Bio

My Record Player

I blame it all on that damn little blue turntable. The kiddie one with the lid that closes and the pneumatic drill bit masquerading as a needle. Powder blue. Built in flip-up 45 adapter. I felt sorry for the kids who had to buy the disposable inserts from the record store or Radio Shack. It could play 78s but we didn’t have any so why not speed things up into Chipmunk territory or down to 16 for some satanic Sabbath rumble. At least until Paranoid was added to the collection.

I guess the blame really should be on my oldest brother, Glenn. He was the one who bought The Cars’ debut on Elektra and Live At Budokan and shared a bedroom with me and put his clock radio on 59 minutes of sleep so we could listen to the WLS-AM Top 40 countdown.

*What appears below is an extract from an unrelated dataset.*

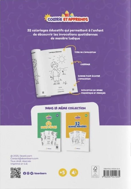 32 coloriages éducatifs qui permettent à l'enfant de découvrir les invocations quotidiennes de manière ludique.

I always heard something in the air on the Sout’west side of Chicago. It came out of transistor radios people carried around. It came out of car windows driving by. I’d ride my bike around the neighborhood, up and down the alleys of Scottsdale. In the summer I might stumble onto a garage band practicing. I remember one in particular on a perfect summer night. They played “Just What I Needed” note-for-note. I was parked on my bike across the street, trying to act non-chalant while squinting into the sunset. When the keyboard player started playing that riff I can still feel my smile busting out a mile wide. It was loud and catchy and mysterious and familiar and everything I needed it to be. It rang loud & true when Springsteen released “Where The Bands Are” a few years ago. I’d hear any rock band, didn’t matter, playing somewhere in the neighborhood and I’d be out the door and on my way.

I was a frequent pest at the local record store/head shop across the street from the high school I eventually attended. I’d loiter for hours, thumbing through the racks, soaking it all up. On the days when I had enough money to buy a record I’d be in and out in minutes since I’d already figured out what I’d be buying that week. If I didn’t have enough for an album I’d grab a 45 or maybe a music magazine or a poster. Thank heaven for cut-outs and promos and used records when other teen concerns started competing for my money.

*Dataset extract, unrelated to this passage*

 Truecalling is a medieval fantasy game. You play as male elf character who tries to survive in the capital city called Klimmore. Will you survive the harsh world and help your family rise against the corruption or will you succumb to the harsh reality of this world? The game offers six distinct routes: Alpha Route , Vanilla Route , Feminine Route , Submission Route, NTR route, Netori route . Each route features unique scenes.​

I remember walking in there in the late 70s one day and they were blasting “American Girl”. I’m sure I had heard the song before but when I heard it that day, something changed. It was all over. I figured out real early what makes me happy.

Early attempts at playing music never got out of the basement. I had plenty of fun there with my brother Scott on drums but it didn’t quite take off. I had a love/hate relationship with the guitar for the first 10 years of playing through high school and college. I’d practice like mad for a short period and then put it away for months at a time.

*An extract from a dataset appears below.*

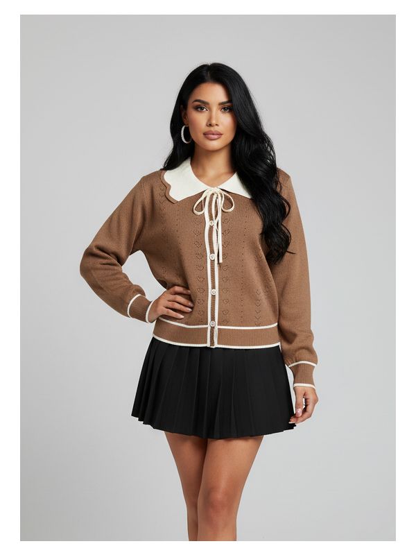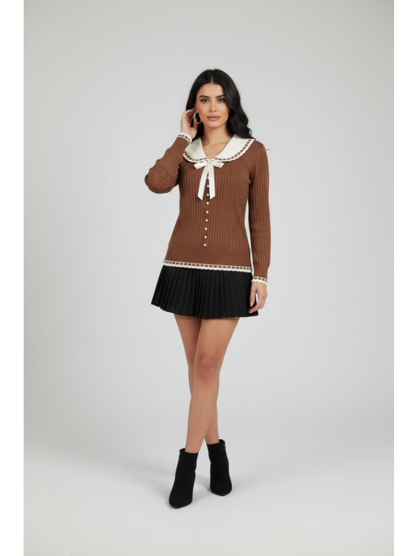 2. Bluza maro cu guler crem si funda satinata IT-BL52F

A year after graduating, my roommate tipped me off that Steve Dawson & Diane Christiansen were looking to round out their new quartet Dolly Varden. I had been a huge Stump The Host fan and was encouraged to audition. I called Steve, strummed a couple of songs with him, rehearsed with the band, and ten thirteen years later still can’t believe they invited me to join. I’m stunned to this day how they took a chance on me since I had a whole lot to learn. Still do.

After many starts and stops I finally found a confidence and voice in my own writing a few years ago. I felt it was time to put a band together so that I could present my material and pay tribute to the songs that continue to inspire me. And play with the loudest drummer this side of Bonzo while turning my guitar up REALLY loud.

I miss that crappy blue turntable. But I still have all the records. And it all came full circle when Dolly Varden’s Forgiven Now and The Dumbest Magnets were released on vinyl.